Não tardei a deixar um sorriso escapar quando meus olhos percorreram o último parágrafo,  abeirando ao fim e me despedindo de mais um livro.

— Nan Hee, você não viu minha presilha vermelha? — Kimi se ajoelhou perto de sua cama e levantou a barra do lençol que a cobria, pondo a cabeça ali debaixo e apalpando o assoalho de madeira.

— Não. — ditei sorridente, apreciando os últimos versos daquela estória fantasiosa.
Se eu pudesse, faria questão de contornar os oceanos até o outro lado do mundo apenas para agradecer àqueles escritores pelas extraordinárias estórias que eles me proporcionaram para ler - e fugir por um tempo desse estúpido mundo real.

— Tem certeza, Hee-ah? — ela levantou a cabeça com um bico nos lábios e as sobrancelhas caídas em um semblante de tristeza, vasculhando todo o quarto com os olhos.

— Você deve ter deixado cair por aí... — balbuciei tediosa, ainda entretida com o grosso livro em minhas mãos, o fechando delicadamente e suspirando com um ar de dever cumprido.

— Porcaria, deve ter sido aquele pivete de novo! Deixa só eu ver aquela almôndega insuportável! — Kimi se pôs de pé enchendo as bochechas gordinhas de ar e cerrando os punhos.
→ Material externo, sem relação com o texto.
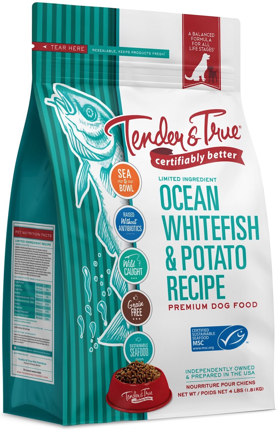 42 Ingredients: Whitefish, Whitefish Meal, Tapioca Starch, Dried Potato, Canola Oil (Preserved with Mixed Tocopherols), Beet Pulp, Flaxseed Meal, Dried Peas, Sesame Oil, Dried Yeast, Fish Oil (Preserved with Mixed To

— Não acho que tenha sido Sandeul, ele anda afastado dos nossos quartos com medo de pegar piolho. Típico de um garoto de 13 anos. — murmurei, me arrastando pelo colchão e tocando com os pés no chão frio.

Abracei o livro contra meu peito, o segurando em minhas duas mãos e esticando um de meus pés ao máximo, tentando tocá-lo sobre as pantufas e finalmente conseguindo deslizá-las pelo chão de madeira e as pondo em meus pés.

— Vocês ouviram um barulho estranho ontem à noite? — do outro lado do vasto quarto, por entre as camas dispostas em fileiras de quatro, Hyelin, com seus cabelos pretos e a franjinha mal cortada, franziu a testa, enquanto dobrava sua coberta. — Pareciam murmúrios... Sei lá, uns gemidos talvez.

— Os ventos do começo de inverno fazem isso vez ou outra. — mordi meu lábio inferior, tossindo fraco e desviando do assunto, vendo a menor encolher os ombros. — Vocês querem alguma coisa da biblioteca?

— Já terminou de ler o livro? Mas você pegou ele faz dois dias só. — Kimi voltou a revirar as pequenas gavetas das cômodas, inclinada sobre o colchão de um jeito acrobático, se equilibrando astutamente.